Prompt: With the images removed, write out each record exactly as given.

Dataset excerpts:

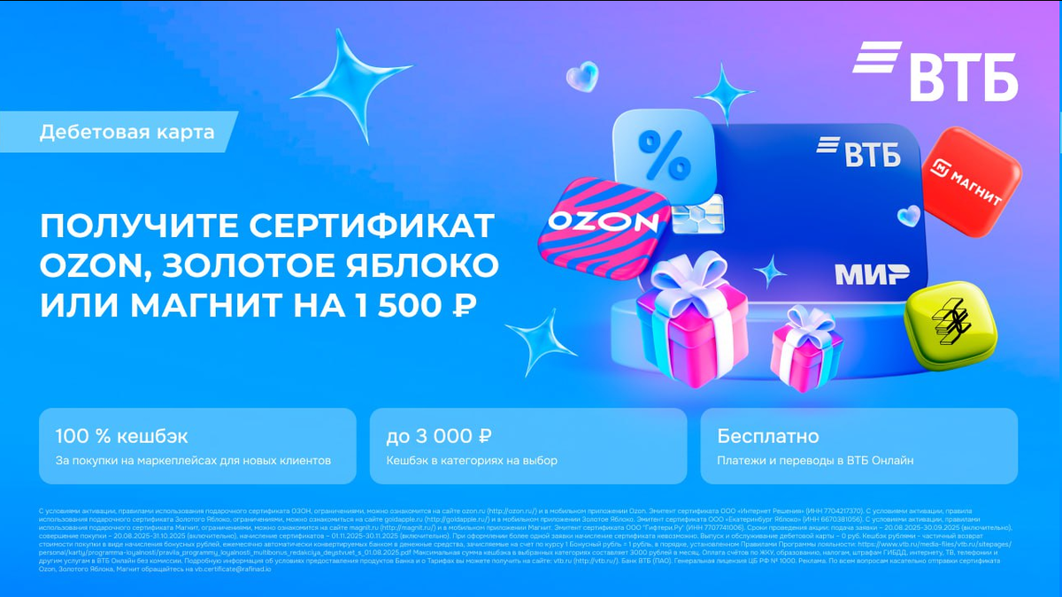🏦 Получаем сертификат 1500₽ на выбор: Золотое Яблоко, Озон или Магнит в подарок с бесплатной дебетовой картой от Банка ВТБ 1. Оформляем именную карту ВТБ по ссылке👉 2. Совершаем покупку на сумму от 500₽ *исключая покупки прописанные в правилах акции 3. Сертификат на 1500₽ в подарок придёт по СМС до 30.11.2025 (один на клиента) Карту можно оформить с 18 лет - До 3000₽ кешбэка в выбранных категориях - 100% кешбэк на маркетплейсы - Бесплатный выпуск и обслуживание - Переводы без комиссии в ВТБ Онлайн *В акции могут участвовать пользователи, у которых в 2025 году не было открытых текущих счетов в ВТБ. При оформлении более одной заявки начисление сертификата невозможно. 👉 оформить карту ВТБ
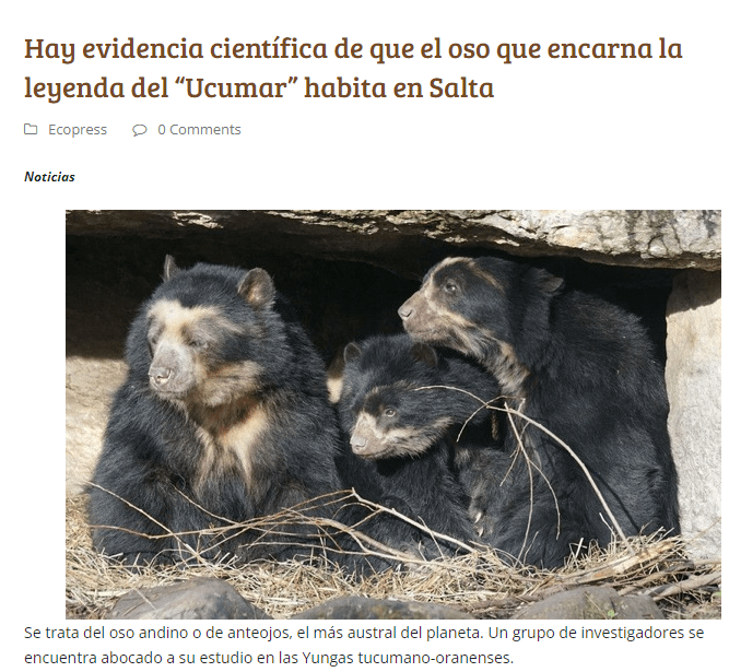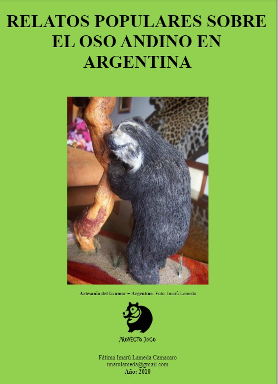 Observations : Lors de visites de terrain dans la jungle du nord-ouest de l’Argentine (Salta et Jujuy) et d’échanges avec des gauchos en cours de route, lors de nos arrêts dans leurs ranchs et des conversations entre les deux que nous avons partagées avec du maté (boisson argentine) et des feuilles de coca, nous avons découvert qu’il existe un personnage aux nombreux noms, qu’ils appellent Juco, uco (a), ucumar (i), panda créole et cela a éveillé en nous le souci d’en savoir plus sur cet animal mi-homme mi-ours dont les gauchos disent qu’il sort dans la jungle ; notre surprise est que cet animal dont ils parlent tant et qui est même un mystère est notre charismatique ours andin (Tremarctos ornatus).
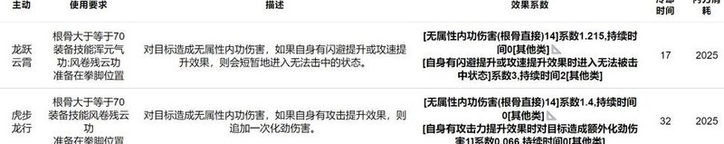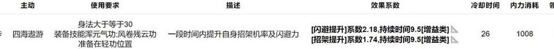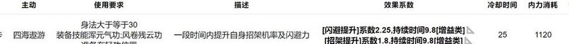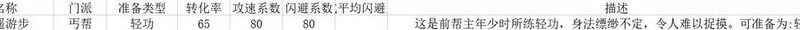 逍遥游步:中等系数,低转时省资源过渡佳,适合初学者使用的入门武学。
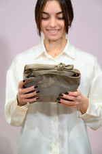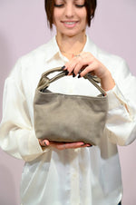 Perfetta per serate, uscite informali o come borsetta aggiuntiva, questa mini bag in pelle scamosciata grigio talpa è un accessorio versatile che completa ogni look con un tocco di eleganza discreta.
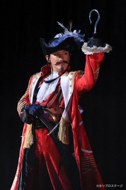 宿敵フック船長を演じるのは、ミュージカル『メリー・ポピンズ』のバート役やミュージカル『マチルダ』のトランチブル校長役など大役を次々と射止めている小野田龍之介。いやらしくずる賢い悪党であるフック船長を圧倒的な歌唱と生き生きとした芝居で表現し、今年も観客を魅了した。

Reply:
🏦 Получаем сертификат 1500₽ на выбор: Золотое Яблоко, Озон или Магнит в подарок с бесплатной дебетовой картой от Банка ВТБ 1. Оформляем именную карту ВТБ по ссылке👉 2. Совершаем покупку на сумму от 500₽ *исключая покупки прописанные в правилах акции 3. Сертификат на 1500₽ в подарок придёт по СМС до 30.11.2025 (один на клиента) Карту можно оформить с 18 лет - До 3000₽ кешбэка в выбранных категориях - 100% кешбэк на маркетплейсы - Бесплатный выпуск и обслуживание - Переводы без комиссии в ВТБ Онлайн *В акции могут участвовать пользователи, у которых в 2025 году не было открытых текущих счетов в ВТБ. При оформлении более одной заявки начисление сертификата невозможно. 👉 оформить карту ВТБ
 Observations : Lors de visites de terrain dans la jungle du nord-ouest de l’Argentine (Salta et Jujuy) et d’échanges avec des gauchos en cours de route, lors de nos arrêts dans leurs ranchs et des conversations entre les deux que nous avons partagées avec du maté (boisson argentine) et des feuilles de coca, nous avons découvert qu’il existe un personnage aux nombreux noms, qu’ils appellent Juco, uco (a), ucumar (i), panda créole et cela a éveillé en nous le souci d’en savoir plus sur cet animal mi-homme mi-ours dont les gauchos disent qu’il sort dans la jungle ; notre surprise est que cet animal dont ils parlent tant et qui est même un mystère est notre charismatique ours andin (Tremarctos ornatus).
 逍遥游步:中等系数,低转时省资源过渡佳,适合初学者使用的入门武学。
 Perfetta per serate, uscite informali o come borsetta aggiuntiva, questa mini bag in pelle scamosciata grigio talpa è un accessorio versatile che completa ogni look con un tocco di eleganza discreta.
 宿敵フック船長を演じるのは、ミュージカル『メリー・ポピンズ』のバート役やミュージカル『マチルダ』のトランチブル校長役など大役を次々と射止めている小野田龍之介。いやらしくずる賢い悪党であるフック船長を圧倒的な歌唱と生き生きとした芝居で表現し、今年も観客を魅了した。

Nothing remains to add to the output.